Ben bir gezginim. Her adımımda yeni bir dünya, her durakta bir hikâye bulurum sanırdım. Oysa yollar bana hayal ettiğimden fazlasını verdi: Acıyı, öfkeyi, haksızlığı…
Yıkık duvarların ardında aç bir çocuk gördüm. Kırık bir pencerenin gerisinde susmuş bir anne… Bir elin tuttuğu ekmeği, diğer eli silahla parçalayanları gördüm. Kalabalıklar arasında kaybolmuş yüzler, ama hiçbirine ait olmayan gülüşler…
Bir sofranın ucunda tok gözlerle aç gözler yan yana otururken, adaletin sessizliğe gömüldüğüne tanık oldum. Bazen bu dünyanın bize öğrettiği tek şey susmaktı. Ama öğrendim ki susmak, zalimlerin dilidir; konuşmak ise insan olmanın ilk adımıdır.
Yollar sadece ayaklarımı değil, yüreğimi de yoruyor artık. Çünkü her gördüğüm haksızlık, omuzlarıma yeni bir yük ekliyor. Her duyduğum çığlık, kulaklarımda yankılanıp vicdanımı sorguluyor. Bir tarafta saraylar yükselirken, diğer tarafta yıkılmış hayallerin enkazı var. Ve biz, o enkazların altında kalanları görmemek için gözlerimizi kapatıyoruz.
Ama artık gözlerimi kapatamıyorum. Çünkü bu dünyada bir şey değişecekse, önce görmekle başlamalı. Hangi kapıyı çalsam, içeriden sessizlik çıkıyor. Oysa o sessizliği çığlığa, o karanlığı ışığa çevirmek bizim elimizde.
Ben bir gezginim. Sadece yürümekle kalmadım; gördüm, hissettim, yaralandım. Ve şimdi soruyorum: Gördüğüm bu yaralar, bizim yaralarımız değil mi? Elimizi uzatmadan, yüreğimizi açmadan nasıl iyileşebiliriz?

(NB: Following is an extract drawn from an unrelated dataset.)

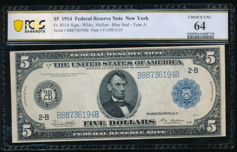 One 1914 $5 New York FRN PCGS 64.

Dünyanın sessiz köşelerinde yankılanan bir ses olmak istiyorum. Öyle bir ses ki, sadece duyanların kulaklarına değil, hissedenlerin yüreklerine dokunsun. Çünkü biliyorum ki; bu düzen değişecekse, o değişim yalnızca adımlarla değil, vicdanlarla mümkün olacak.